James FitzGibbon (16 November 1780 – 10 December 1863) was a British soldier in the War of 1812.

Early life and career
Born to Garrett (Gerald) FitzGibbon and Mary Widenham in Glin, County Limerick, Ireland, he enlisted in the Knight of Glin's Yeomanry Corps at age 15. Three years later, he joined the Tarbert Infantry Fencibles, an Irish home service regiment, from which he was recruited into the British Army's 49th Regiment of Foot as a private soldier.  He first fought in battle in 1799 at Egmond aan Zee, the Netherlands.  He later served as a marine in the Battle of Copenhagen, for which he received the Naval General Service Medal.

Arrival in Canada
He went to the Canadas in 1802, by which time he was a sergeant. He played a key role in the suppression of a near-mutiny at Fort George, Upper Canada. In 1806, when he was the regiment's sergeant-major, his commanding officer, Isaac Brock, made him an officer. This was extremely unusual at the time as most  officers' commissions were bought.  Later the same year he was appointed regimental adjutant. In 1809, he was promoted to the rank of lieutenant.

War of 1812

FitzGibbon fought at the Battle of Stoney Creek on 6 June 1813. Three weeks later, he led 50 soldiers in guerrilla-style raids on a large American force that had captured Fort George on the Niagara Peninsula. It was he who was warned by Laura Secord on 22 June about an impending surprise attack by 500 American troops. This led to the Battle of Beaver Dams near present-day Thorold, Ontario, where FitzGibbon's force, together with about 400 Mohawk and Odawa warriors, defeated the Americans and took 462 prisoners. The victory made FitzGibbon a popular hero and he was promoted to captain in the Glengarry Light Infantry Fencibles. In 1814 he fought at the Battle of Lundy's Lane.

Post-war activities

After the war, FitzGibbon retired on half-pay and became a clerk in the office of the Adjutant-General of the militia. He was later promoted to Assistant Adjutant-General.
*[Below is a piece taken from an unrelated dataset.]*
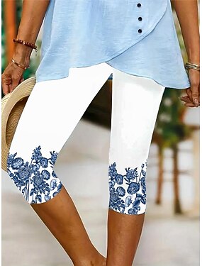 بنطلون ليغينغز نسائي كابري عالي المرونة عطلة أزياء عتيقة حتى منتصف الساق خصر متوسط الطول طباعة زهور رسومية قابلة للتنفس ناعمة عطلة غير رسمية يومية بلون أزرق بيضة روبن أسود أزرق داكن أزرق فاتح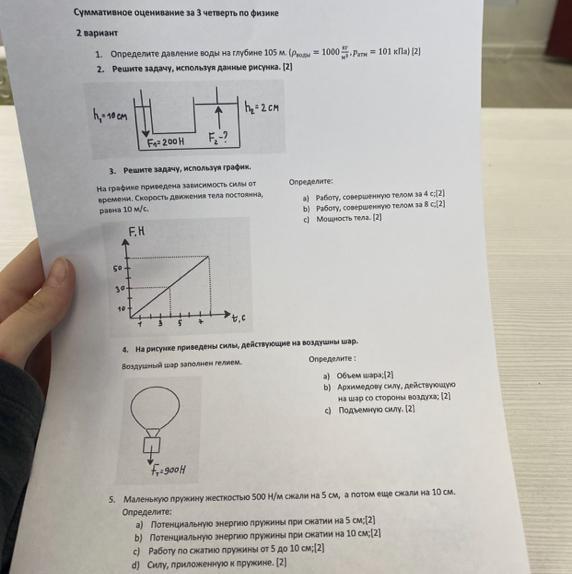 1. Определите давление воды на глубине 105 м. (Рводы = 1000, Ратм = 101 кПа) [2]

In 1818, FitzGibbon responded to accusations from Robert Gourlay that the lieutenant-governor thought Canadians were disloyal and ungrateful British subjects. In 1824 the Lieutenant-Governor of Upper Canada Peregrine Maitland sent FitzGibbon to negotiate an end to riots in the Bathurst District of York between Irish settlers and previous residents. A year later newspapers in Upper Canada questioned the loyalty of Irish immigrants and FitzGibbon wrote editorials defending the immigrants.

In 1826, FitzGibbon initiated a campaign to help the defendants of the Types Riot pay their settlement to Mackenzie. He denied accusations by Francis Collins in the Canadian Freeman that Maitland contributed to the fund but did not deny his involvement or contributions from other government administrators.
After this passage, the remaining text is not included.